Raw data:
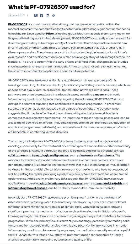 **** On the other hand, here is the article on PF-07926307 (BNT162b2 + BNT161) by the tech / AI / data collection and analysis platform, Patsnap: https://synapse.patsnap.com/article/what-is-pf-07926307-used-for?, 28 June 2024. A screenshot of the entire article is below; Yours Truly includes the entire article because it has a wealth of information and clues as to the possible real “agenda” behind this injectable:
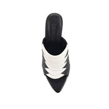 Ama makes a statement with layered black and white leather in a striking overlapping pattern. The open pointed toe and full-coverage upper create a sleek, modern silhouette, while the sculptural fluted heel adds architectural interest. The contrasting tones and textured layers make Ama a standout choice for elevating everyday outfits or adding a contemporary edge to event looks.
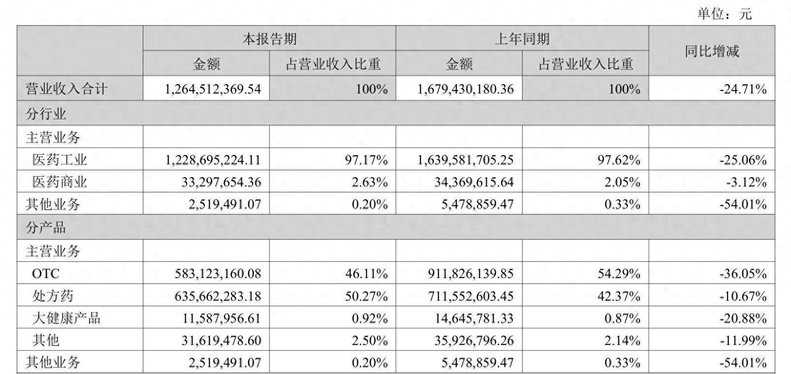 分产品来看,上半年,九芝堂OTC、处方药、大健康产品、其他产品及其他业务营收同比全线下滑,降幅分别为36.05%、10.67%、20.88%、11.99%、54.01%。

...

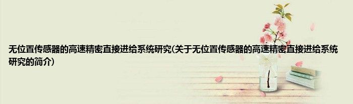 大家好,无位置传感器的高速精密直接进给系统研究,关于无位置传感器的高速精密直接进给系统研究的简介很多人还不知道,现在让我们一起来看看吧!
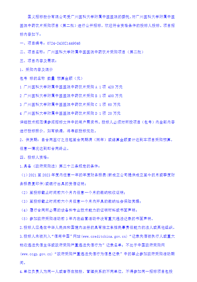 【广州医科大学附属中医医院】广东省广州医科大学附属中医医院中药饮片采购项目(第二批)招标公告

==

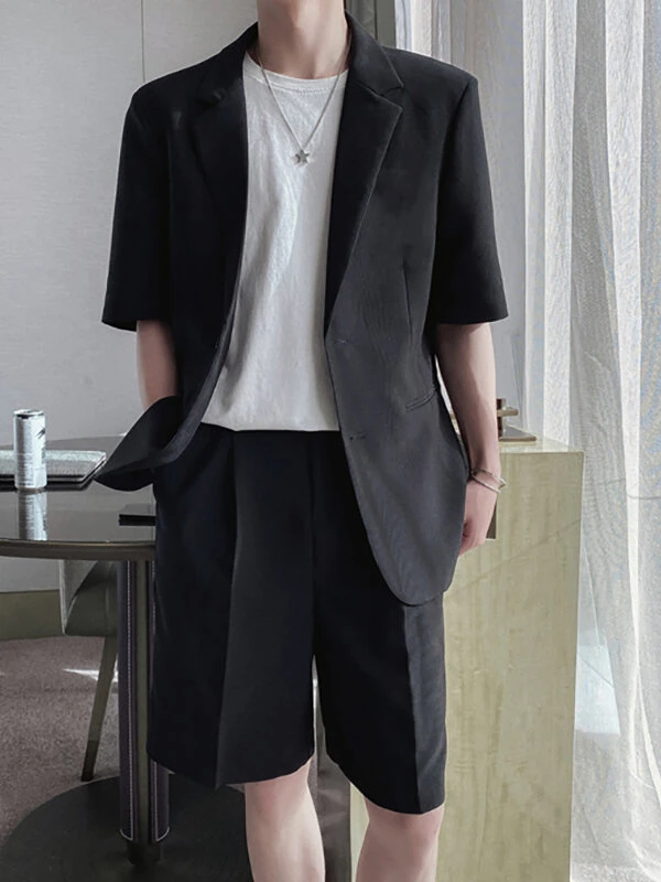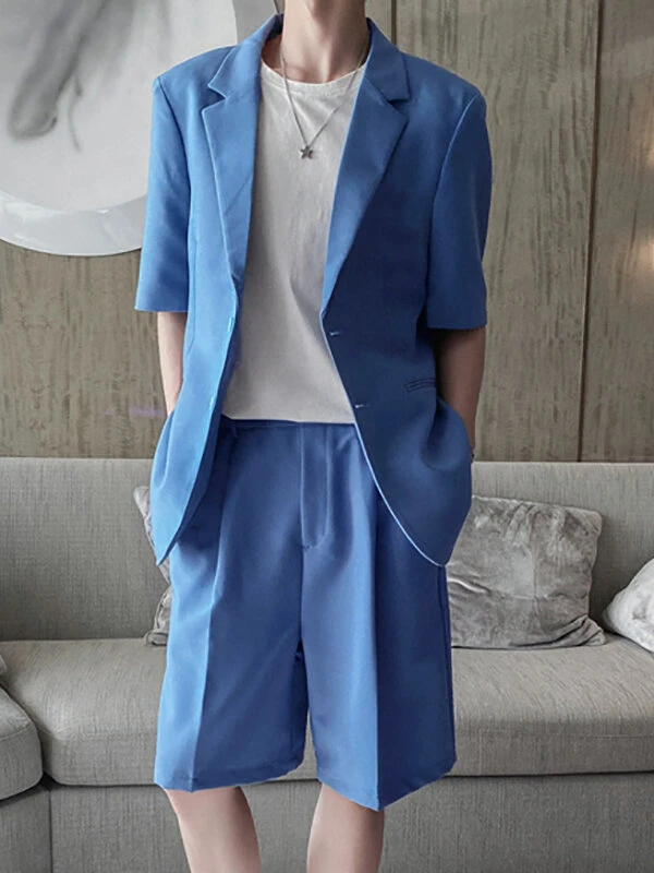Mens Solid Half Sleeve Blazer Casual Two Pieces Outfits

What the exercise asks:
Among the records above, locate the line containing "On the other" and the line containing "分产品来看,上半年,九芝堂O", then transcribe exactly the lines starting at the first and ending at the second, with no pictures.

Result of the task:
 **** On the other hand, here is the article on PF-07926307 (BNT162b2 + BNT161) by the tech / AI / data collection and analysis platform, Patsnap: https://synapse.patsnap.com/article/what-is-pf-07926307-used-for?, 28 June 2024. A screenshot of the entire article is below; Yours Truly includes the entire article because it has a wealth of information and clues as to the possible real “agenda” behind this injectable:
 Ama makes a statement with layered black and white leather in a striking overlapping pattern. The open pointed toe and full-coverage upper create a sleek, modern silhouette, while the sculptural fluted heel adds architectural interest. The contrasting tones and textured layers make Ama a standout choice for elevating everyday outfits or adding a contemporary edge to event looks.
 分产品来看,上半年,九芝堂OTC、处方药、大健康产品、其他产品及其他业务营收同比全线下滑,降幅分别为36.05%、10.67%、20.88%、11.99%、54.01%。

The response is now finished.